*WHAT TO WORK ON*
From the listing that follows, reproduce only the lines from the one holding "A ring depicting" through the one holding "- We arbitrarily", both included, with no pictures.

*INFORMATION PROVIDED*
^^^^
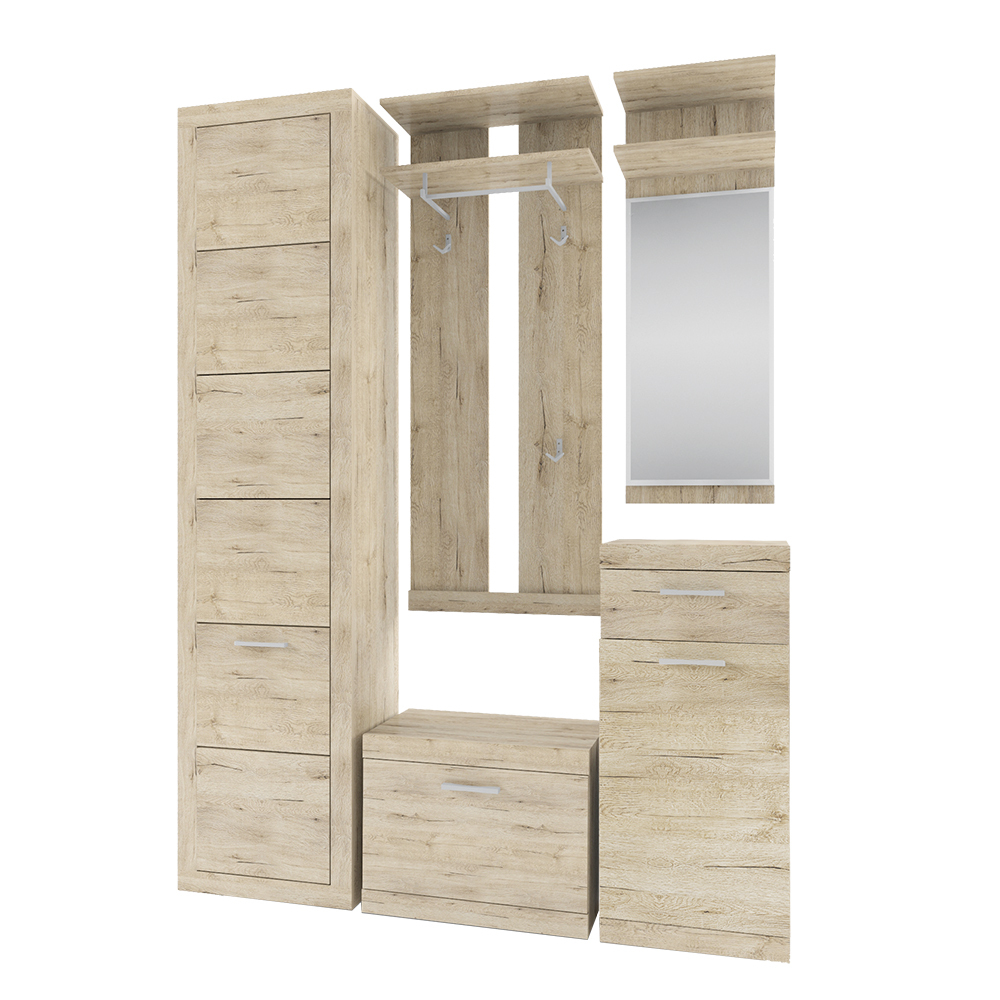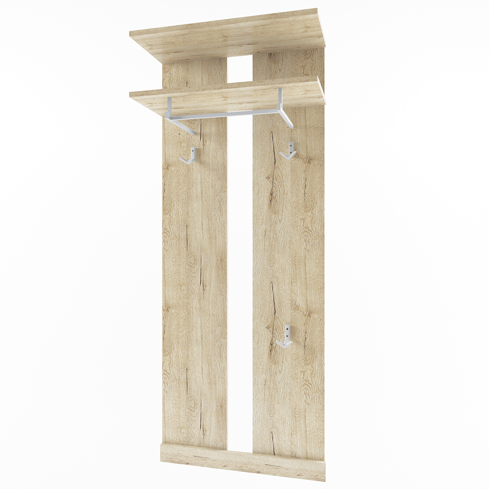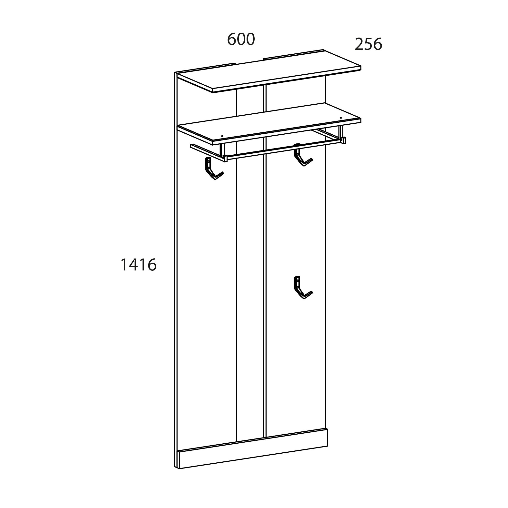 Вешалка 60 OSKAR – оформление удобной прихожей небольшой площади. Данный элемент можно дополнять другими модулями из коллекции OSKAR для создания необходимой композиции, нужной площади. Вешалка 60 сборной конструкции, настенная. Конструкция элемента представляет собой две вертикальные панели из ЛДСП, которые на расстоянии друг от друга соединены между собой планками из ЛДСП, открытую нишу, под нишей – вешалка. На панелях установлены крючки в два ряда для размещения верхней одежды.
^^^^
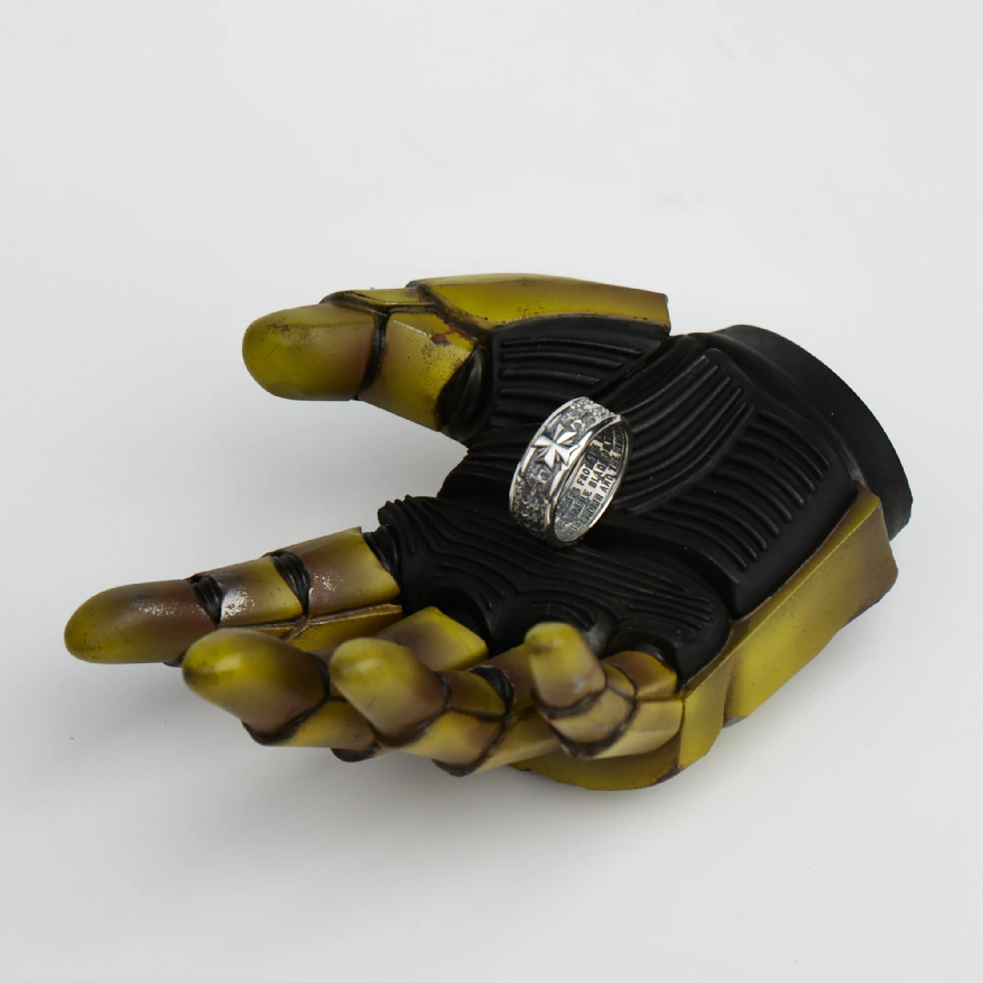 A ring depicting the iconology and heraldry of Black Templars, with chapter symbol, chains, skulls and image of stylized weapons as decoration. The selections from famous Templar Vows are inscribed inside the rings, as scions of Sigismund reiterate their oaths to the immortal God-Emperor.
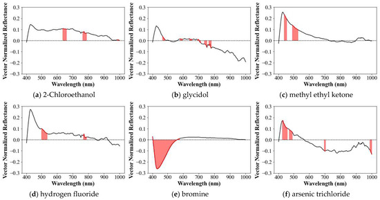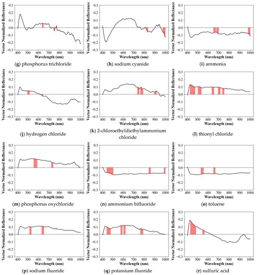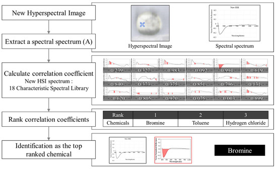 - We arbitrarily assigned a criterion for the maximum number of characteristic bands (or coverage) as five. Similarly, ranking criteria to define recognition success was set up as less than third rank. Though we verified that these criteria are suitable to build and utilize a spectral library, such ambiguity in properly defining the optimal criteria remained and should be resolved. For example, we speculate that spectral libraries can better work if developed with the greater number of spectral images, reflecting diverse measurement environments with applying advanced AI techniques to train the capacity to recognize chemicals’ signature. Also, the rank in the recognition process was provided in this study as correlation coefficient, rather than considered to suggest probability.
^^^^
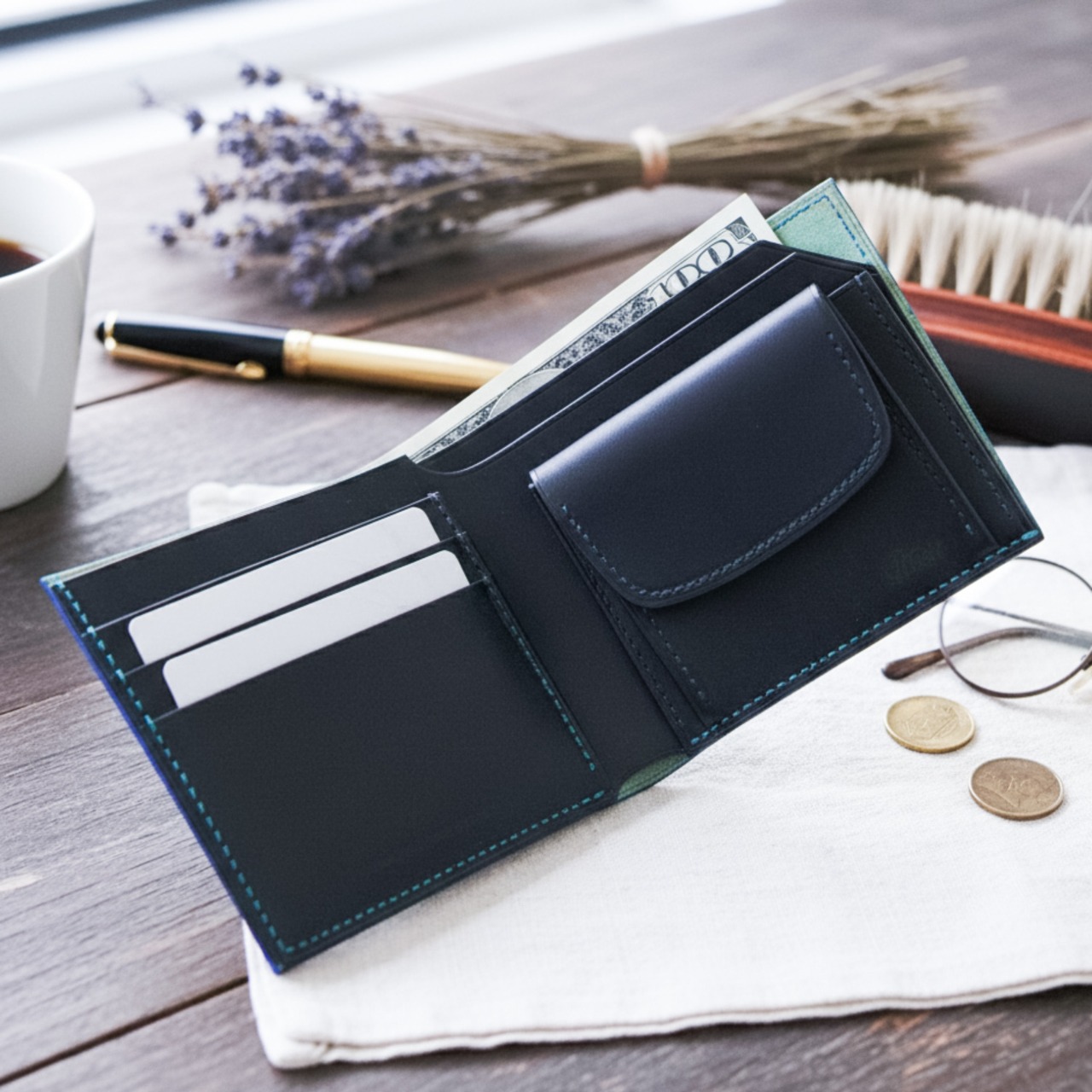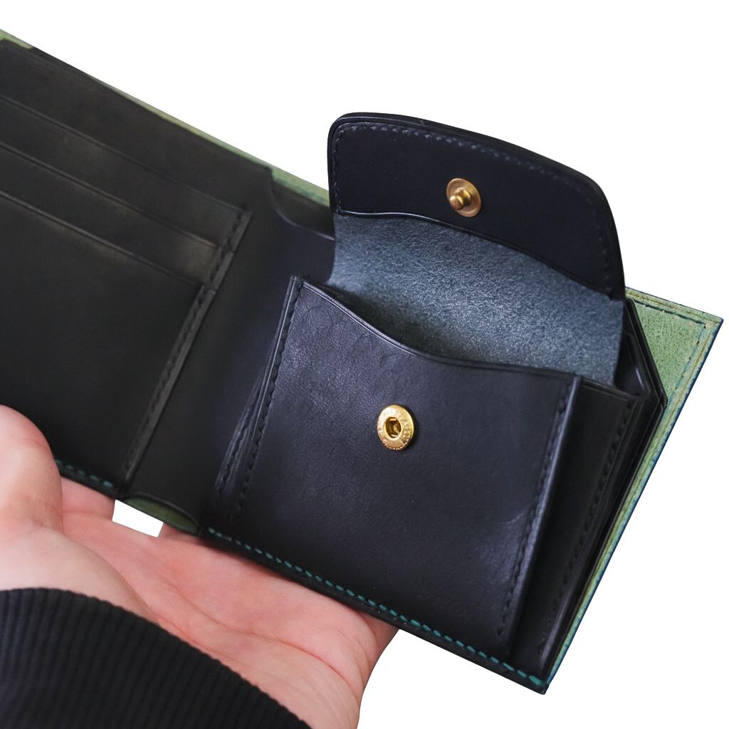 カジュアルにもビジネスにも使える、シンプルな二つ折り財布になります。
^^^^
*EXPECTED OUTPUT*
 A ring depicting the iconology and heraldry of Black Templars, with chapter symbol, chains, skulls and image of stylized weapons as decoration. The selections from famous Templar Vows are inscribed inside the rings, as scions of Sigismund reiterate their oaths to the immortal God-Emperor.
 - We arbitrarily assigned a criterion for the maximum number of characteristic bands (or coverage) as five. Similarly, ranking criteria to define recognition success was set up as less than third rank. Though we verified that these criteria are suitable to build and utilize a spectral library, such ambiguity in properly defining the optimal criteria remained and should be resolved. For example, we speculate that spectral libraries can better work if developed with the greater number of spectral images, reflecting diverse measurement environments with applying advanced AI techniques to train the capacity to recognize chemicals’ signature. Also, the rank in the recognition process was provided in this study as correlation coefficient, rather than considered to suggest probability.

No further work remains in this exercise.